>>

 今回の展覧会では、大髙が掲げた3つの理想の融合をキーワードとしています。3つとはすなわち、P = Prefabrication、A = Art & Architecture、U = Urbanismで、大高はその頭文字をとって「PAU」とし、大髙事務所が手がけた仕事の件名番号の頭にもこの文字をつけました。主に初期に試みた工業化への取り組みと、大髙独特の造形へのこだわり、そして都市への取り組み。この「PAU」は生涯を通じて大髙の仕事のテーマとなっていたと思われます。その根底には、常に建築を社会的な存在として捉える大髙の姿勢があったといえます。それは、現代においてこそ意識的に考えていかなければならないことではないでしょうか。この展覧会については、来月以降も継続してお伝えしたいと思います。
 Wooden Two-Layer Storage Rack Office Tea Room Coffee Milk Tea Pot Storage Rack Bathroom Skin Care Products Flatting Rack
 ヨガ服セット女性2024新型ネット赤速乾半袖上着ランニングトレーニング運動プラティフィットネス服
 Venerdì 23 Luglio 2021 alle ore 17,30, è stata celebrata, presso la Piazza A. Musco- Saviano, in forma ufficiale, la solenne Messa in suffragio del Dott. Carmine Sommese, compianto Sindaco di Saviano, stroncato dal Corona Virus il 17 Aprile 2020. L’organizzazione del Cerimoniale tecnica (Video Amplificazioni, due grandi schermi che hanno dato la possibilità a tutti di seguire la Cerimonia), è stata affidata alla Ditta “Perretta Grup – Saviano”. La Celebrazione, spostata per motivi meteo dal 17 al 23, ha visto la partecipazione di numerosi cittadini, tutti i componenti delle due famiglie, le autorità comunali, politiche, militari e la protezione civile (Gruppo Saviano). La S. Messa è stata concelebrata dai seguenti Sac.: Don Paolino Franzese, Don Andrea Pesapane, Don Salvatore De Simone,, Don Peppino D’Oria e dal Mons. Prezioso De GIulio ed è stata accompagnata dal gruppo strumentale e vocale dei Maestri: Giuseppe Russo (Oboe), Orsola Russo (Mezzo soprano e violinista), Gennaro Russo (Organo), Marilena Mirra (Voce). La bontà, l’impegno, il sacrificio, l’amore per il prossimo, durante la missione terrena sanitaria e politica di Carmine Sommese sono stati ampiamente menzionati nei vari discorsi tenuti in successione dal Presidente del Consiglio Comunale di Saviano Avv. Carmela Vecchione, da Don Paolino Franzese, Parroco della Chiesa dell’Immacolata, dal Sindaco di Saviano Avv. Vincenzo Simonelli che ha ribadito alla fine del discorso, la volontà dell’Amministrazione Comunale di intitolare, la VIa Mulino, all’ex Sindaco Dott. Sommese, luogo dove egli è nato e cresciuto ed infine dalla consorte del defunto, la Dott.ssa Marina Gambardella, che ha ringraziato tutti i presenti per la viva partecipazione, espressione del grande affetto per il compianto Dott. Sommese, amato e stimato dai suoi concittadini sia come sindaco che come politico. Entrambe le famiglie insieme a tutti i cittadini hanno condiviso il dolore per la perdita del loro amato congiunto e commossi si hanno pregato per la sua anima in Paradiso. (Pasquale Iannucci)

<<

Word for word, return the entire listing above.

- [SOLUTION TO THE PROBLEM]:
 今回の展覧会では、大髙が掲げた3つの理想の融合をキーワードとしています。3つとはすなわち、P = Prefabrication、A = Art & Architecture、U = Urbanismで、大高はその頭文字をとって「PAU」とし、大髙事務所が手がけた仕事の件名番号の頭にもこの文字をつけました。主に初期に試みた工業化への取り組みと、大髙独特の造形へのこだわり、そして都市への取り組み。この「PAU」は生涯を通じて大髙の仕事のテーマとなっていたと思われます。その根底には、常に建築を社会的な存在として捉える大髙の姿勢があったといえます。それは、現代においてこそ意識的に考えていかなければならないことではないでしょうか。この展覧会については、来月以降も継続してお伝えしたいと思います。
 Wooden Two-Layer Storage Rack Office Tea Room Coffee Milk Tea Pot Storage Rack Bathroom Skin Care Products Flatting Rack
 ヨガ服セット女性2024新型ネット赤速乾半袖上着ランニングトレーニング運動プラティフィットネス服
 Venerdì 23 Luglio 2021 alle ore 17,30, è stata celebrata, presso la Piazza A. Musco- Saviano, in forma ufficiale, la solenne Messa in suffragio del Dott. Carmine Sommese, compianto Sindaco di Saviano, stroncato dal Corona Virus il 17 Aprile 2020. L’organizzazione del Cerimoniale tecnica (Video Amplificazioni, due grandi schermi che hanno dato la possibilità a tutti di seguire la Cerimonia), è stata affidata alla Ditta “Perretta Grup – Saviano”. La Celebrazione, spostata per motivi meteo dal 17 al 23, ha visto la partecipazione di numerosi cittadini, tutti i componenti delle due famiglie, le autorità comunali, politiche, militari e la protezione civile (Gruppo Saviano). La S. Messa è stata concelebrata dai seguenti Sac.: Don Paolino Franzese, Don Andrea Pesapane, Don Salvatore De Simone,, Don Peppino D’Oria e dal Mons. Prezioso De GIulio ed è stata accompagnata dal gruppo strumentale e vocale dei Maestri: Giuseppe Russo (Oboe), Orsola Russo (Mezzo soprano e violinista), Gennaro Russo (Organo), Marilena Mirra (Voce). La bontà, l’impegno, il sacrificio, l’amore per il prossimo, durante la missione terrena sanitaria e politica di Carmine Sommese sono stati ampiamente menzionati nei vari discorsi tenuti in successione dal Presidente del Consiglio Comunale di Saviano Avv. Carmela Vecchione, da Don Paolino Franzese, Parroco della Chiesa dell’Immacolata, dal Sindaco di Saviano Avv. Vincenzo Simonelli che ha ribadito alla fine del discorso, la volontà dell’Amministrazione Comunale di intitolare, la VIa Mulino, all’ex Sindaco Dott. Sommese, luogo dove egli è nato e cresciuto ed infine dalla consorte del defunto, la Dott.ssa Marina Gambardella, che ha ringraziato tutti i presenti per la viva partecipazione, espressione del grande affetto per il compianto Dott. Sommese, amato e stimato dai suoi concittadini sia come sindaco che come politico. Entrambe le famiglie insieme a tutti i cittadini hanno condiviso il dolore per la perdita del loro amato congiunto e commossi si hanno pregato per la sua anima in Paradiso. (Pasquale Iannucci)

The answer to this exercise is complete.